[Source records]
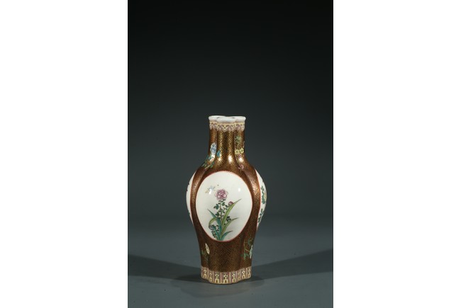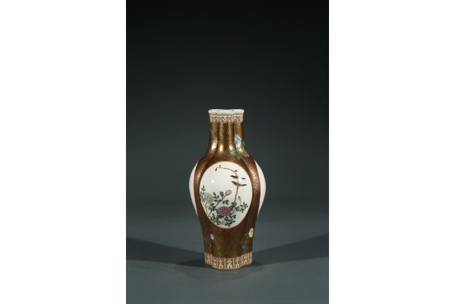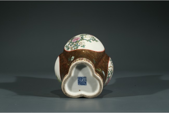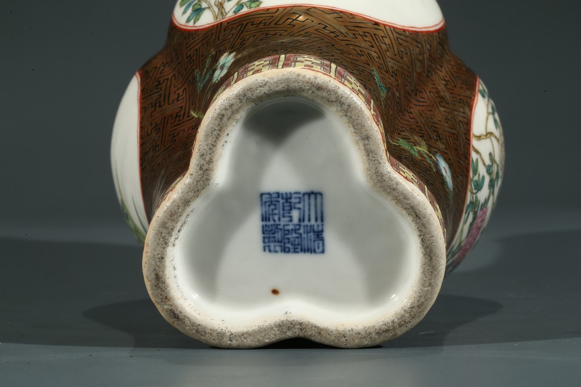 Of finely potted globular tri-lobed form, rising to three slender cylindrical necks with an everted mouth, each lobe painted with a cartouche enclosing the scene of flowers and birds, the base with six character Qianlong mark.
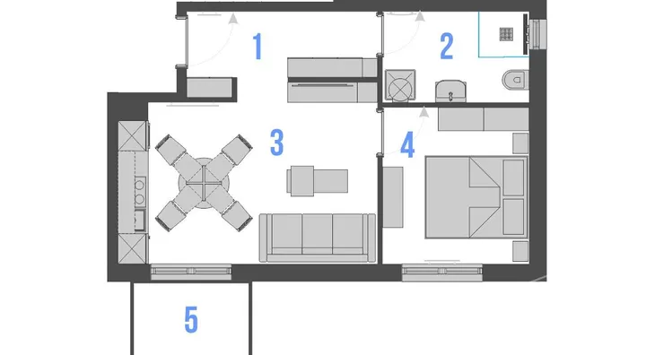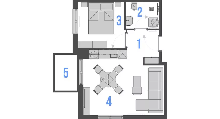 2. Tipske stanove druge grupe čine stanovi 6 (prvi sprat), 10 (drugi sprat), 14 (treći sprat), 18 (četvrti sprat) i 22 (peti sprat). Stanovi ovog tipa raspolažu kvadraturom od 38.20 m2. Cena po kvadratu: 1800,00 e + PDV;
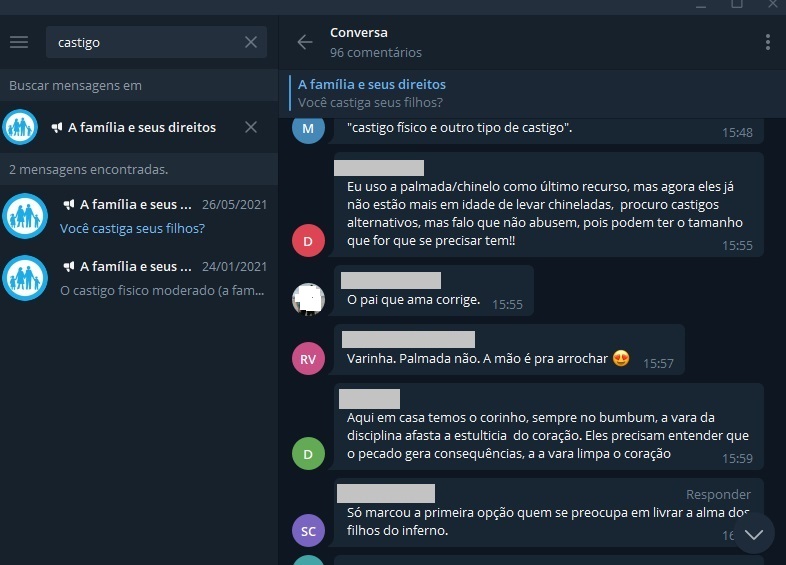 No grupo de Moreira no Telegram, chamado “A família e seus direitos” – que tem mais de 10,8 mil inscritos -, uma enquete sobre castigos físicos foi lançada em maio de 2021; Das 664 respostas, 51% marcaram que “sim, eu uso castigo físico (p. ex. palmadas)”.
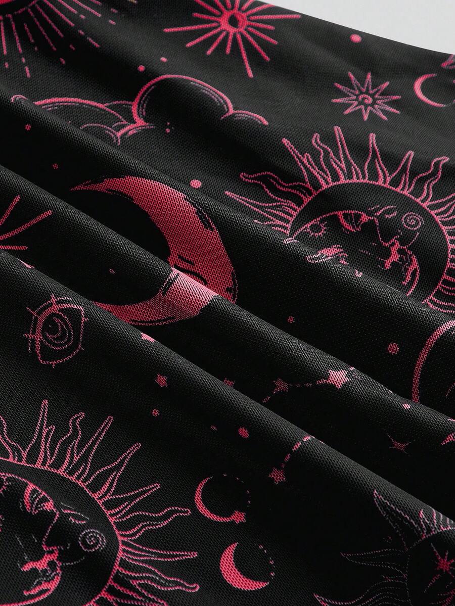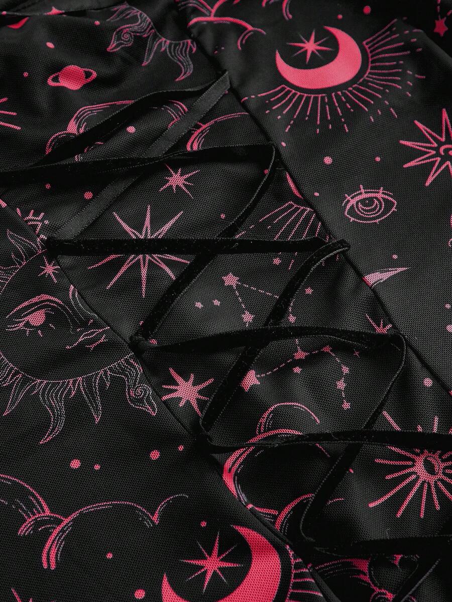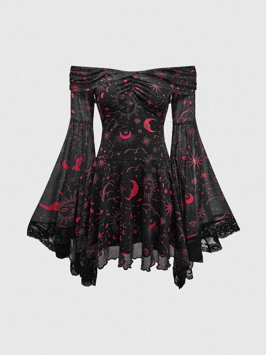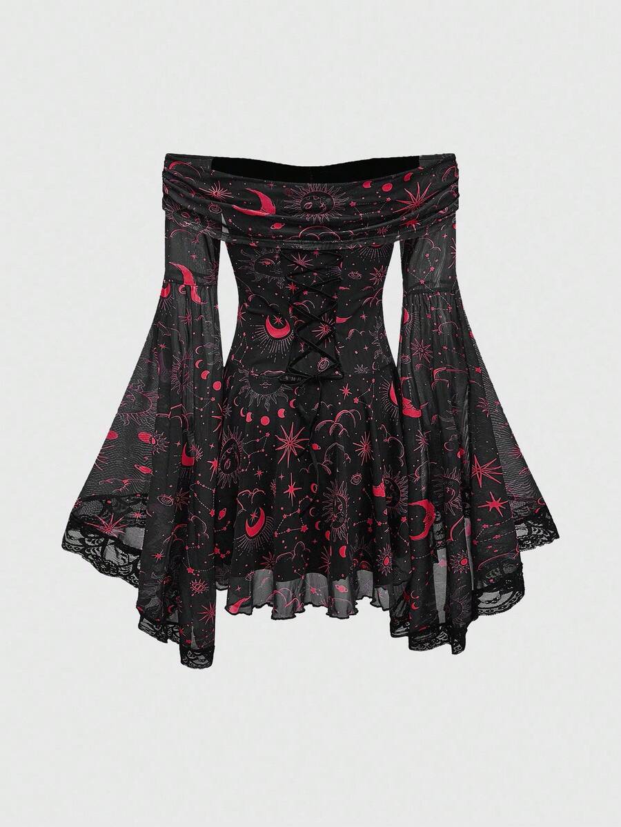 Goth Abito gotico retrò con stampa misteriosa di stelle e lune, scollo spalle scoperte, maniche a sbuffo in rete
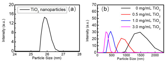 (a) The particle size distribution of TiO2 nanoparticles; (b) the particle size distribution of FAPbBr3 crystals with concentrations of TiO2 at 0 mg/mL, 0.5 mg/mL, 1.0 mg/mL, and 3.0 mg/mL.
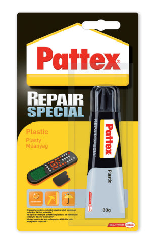 Pattex Repair Special Plásticos es un adhesivo a base de poliuretano ideal para pegar plásticos duros y blandos y sus combinaciones con varios otros materiales, por ejemplo: goma, cuero, cerámica, madera, metal, textil, etc.
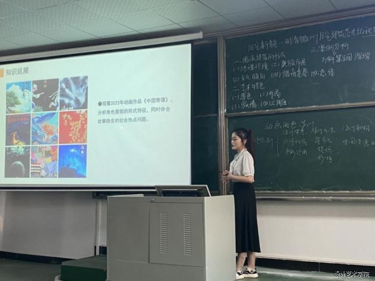 谭阳老师就数字媒体设计专业的《动画角色设计》课程的教学内容进行了课堂教学展示。谭阳老师就侗族女子的动画形象设计做案例分析,从设计要素到对中国传统民族文化中的色彩应用提炼,体现了本课程对中国传统文化中的知、行、创的完美融合,达到对学生进行思政教学的效果。
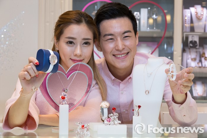 (서울=포커스뉴스) 9일 오전 중구 롯데백화점 본점에서 스와로브스키(SWAROVSKI)의 '화이트데이 컬렉션'을 모델들이 선보이고 있다. 제품은 디어(Dear) 네크리스와 뱅글, 블로우(Blow) 이어링, 데이타임(Daytime) 워치로 구성되어 있다.
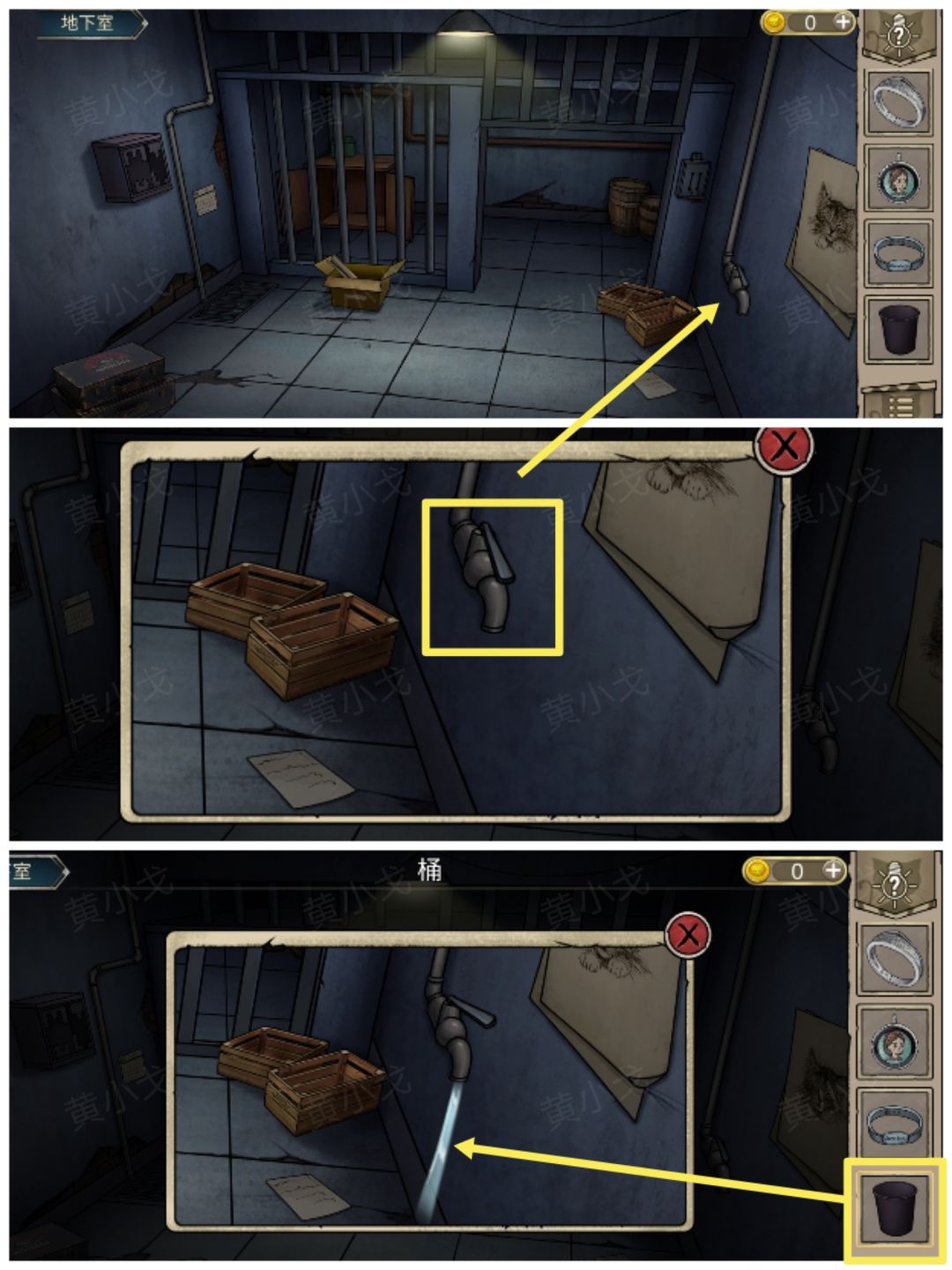 7.点击水龙头,打开,用【桶】装水,获得【装满水的桶】
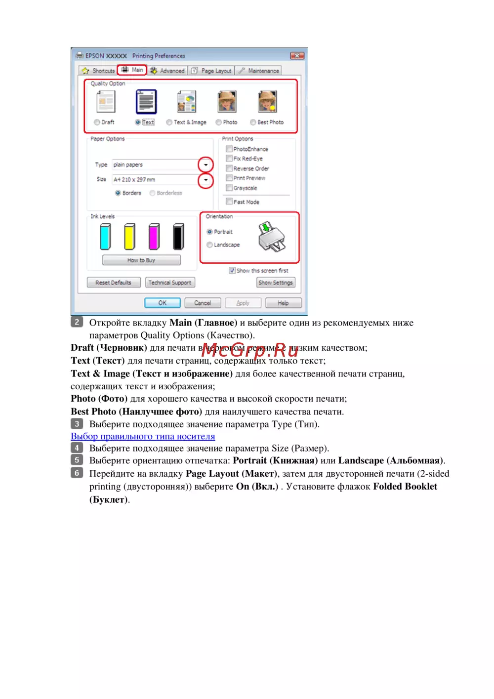 Выберите ориентацию отпечатка: Portrait (Книжная) или Landscape (Альбомная).
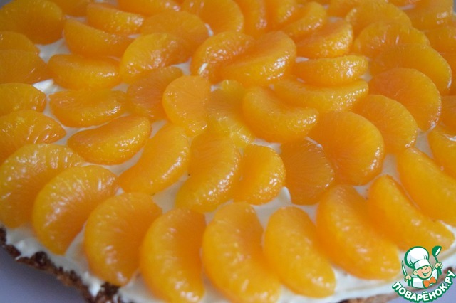 На первый корж наносим немного крема и раскладываем дольки мандарин. -
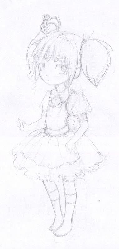 The lolita girl drawing is awesome as well =D. I agree with everyone about how she could use some shoes though :3. Other than that, it's great. I especially like her dress, it's shaped the same as my skirt xD. Looks good though, the hair looks incredibly cute ;P
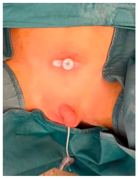 BC placement was carried out endoscopically under general anesthesia, following our modified Subramaniam’s technique [,,]. After inserting a rigid cystoscope, the bladder was filled with isotonic saline. The bladder wall was fixed to the abdominal wall using an anchoring prolene suture. A 10 ch Cystofix® (B. Braun, Bethlehem, PA, USA) needle was then introduced percutaneously in the suprapubic region to advance a guidewire into the bladder. The guidewire was retrieved through the urethra, the suprapubic tract was sequentially dilated, and an appropriate-sized cystostomy button was advanced and secured (Figure 1). In six patients who already had a suprapubic catheter in place, the existing tract was used to introduce the guidewire, facilitating the same endoscopic technique.
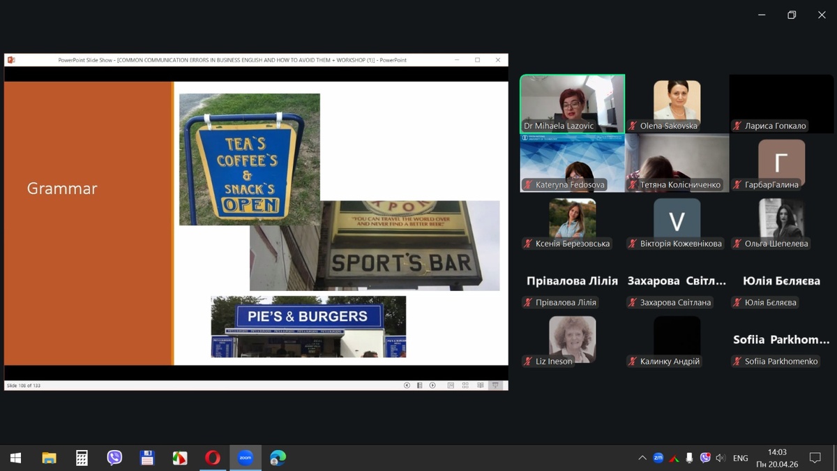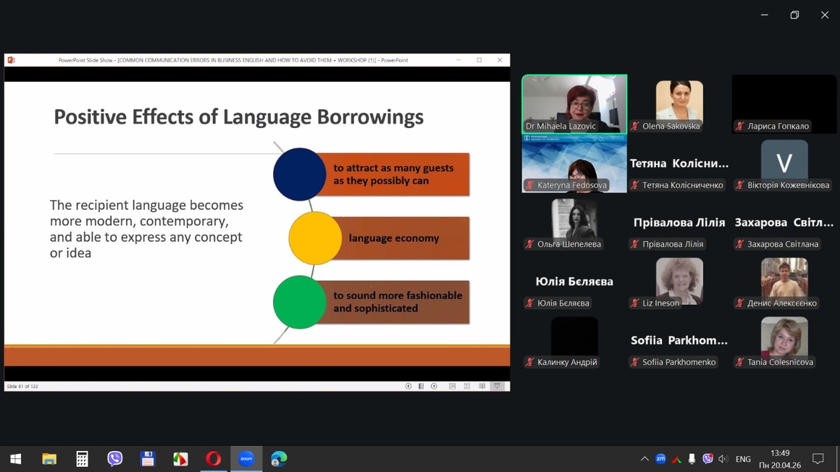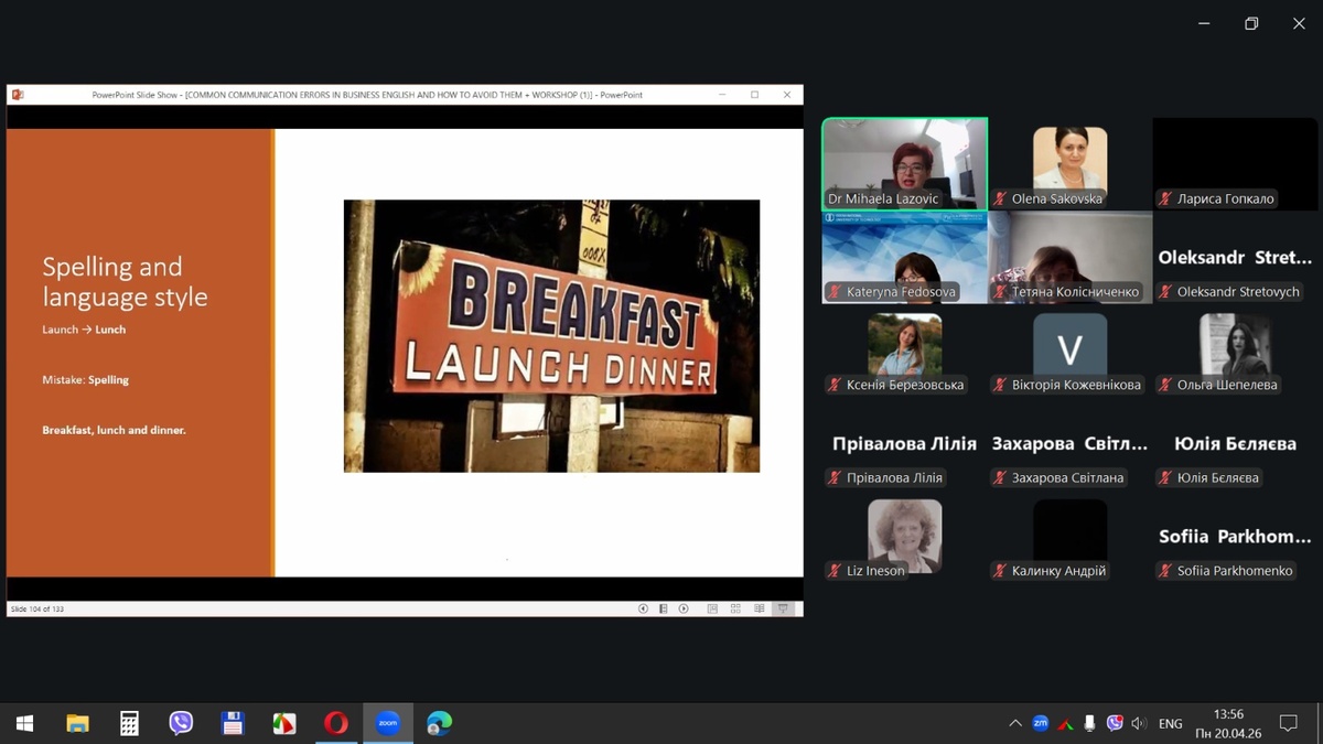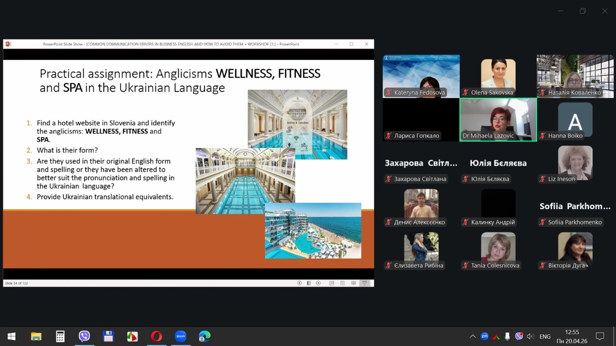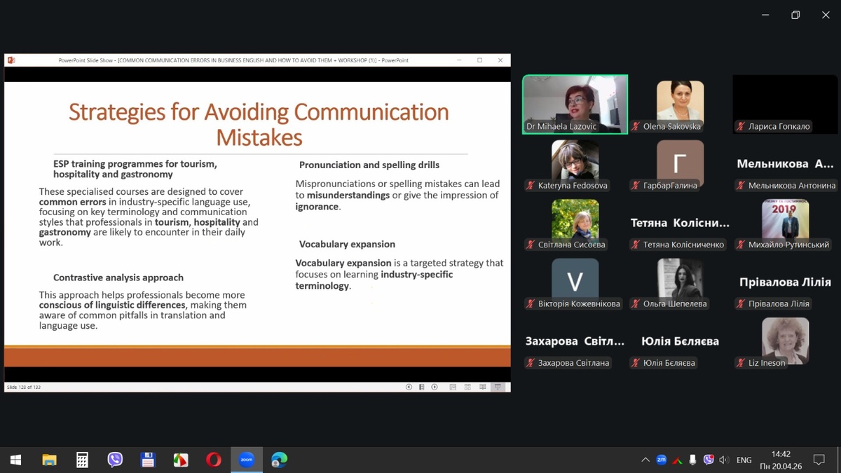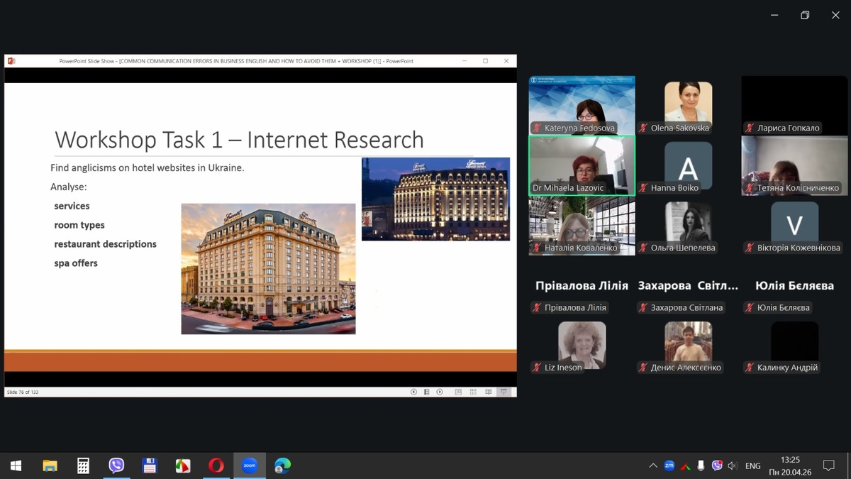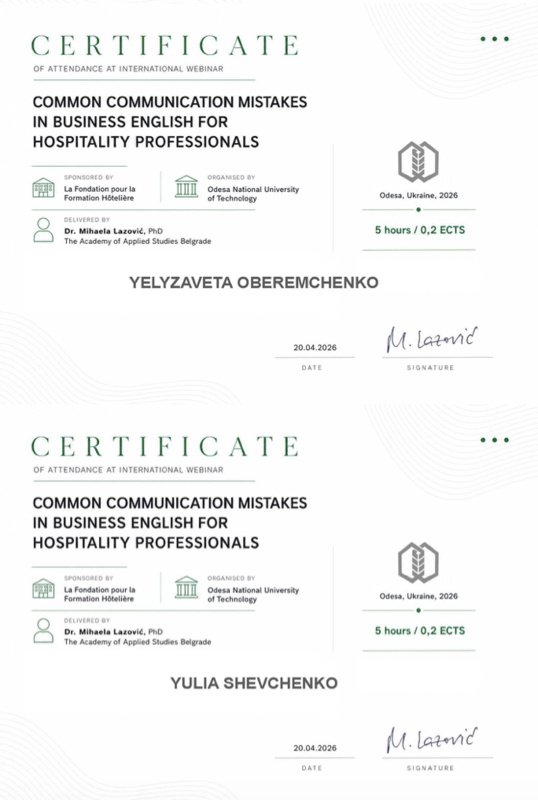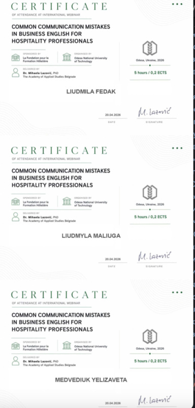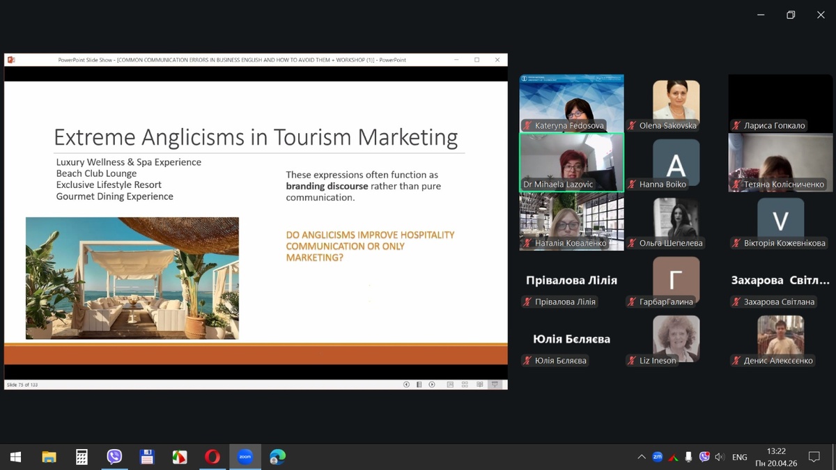 20 квітня 2026 року здобувачі вищої освіти спеціальностей «Готельно-ресторанна справа та кейтеринг», «Туризм та рекреація» та науково-педагогічні працівники кафедри туризму та готельно-ресторанної справи Уманського національного університету взяли участь у міжнародному вебінарі «Поширені помилки у спілкуванні діловою англійською мовою для фахівців індустрії гостинності» на англійській мові.

→ **What is needed**:
Would you write out exactly the lines above, starting at the line containing "Goth Abito gotico" and stopping after the line containing "На первый корж"? Omit the pictures.

→ **Task answer**:
 Goth Abito gotico retrò con stampa misteriosa di stelle e lune, scollo spalle scoperte, maniche a sbuffo in rete
 (a) The particle size distribution of TiO2 nanoparticles; (b) the particle size distribution of FAPbBr3 crystals with concentrations of TiO2 at 0 mg/mL, 0.5 mg/mL, 1.0 mg/mL, and 3.0 mg/mL.
 Pattex Repair Special Plásticos es un adhesivo a base de poliuretano ideal para pegar plásticos duros y blandos y sus combinaciones con varios otros materiales, por ejemplo: goma, cuero, cerámica, madera, metal, textil, etc.
 谭阳老师就数字媒体设计专业的《动画角色设计》课程的教学内容进行了课堂教学展示。谭阳老师就侗族女子的动画形象设计做案例分析,从设计要素到对中国传统民族文化中的色彩应用提炼,体现了本课程对中国传统文化中的知、行、创的完美融合,达到对学生进行思政教学的效果。
 (서울=포커스뉴스) 9일 오전 중구 롯데백화점 본점에서 스와로브스키(SWAROVSKI)의 '화이트데이 컬렉션'을 모델들이 선보이고 있다. 제품은 디어(Dear) 네크리스와 뱅글, 블로우(Blow) 이어링, 데이타임(Daytime) 워치로 구성되어 있다.
 7.点击水龙头,打开,用【桶】装水,获得【装满水的桶】
 Выберите ориентацию отпечатка: Portrait (Книжная) или Landscape (Альбомная).
 На первый корж наносим немного крема и раскладываем дольки мандарин. -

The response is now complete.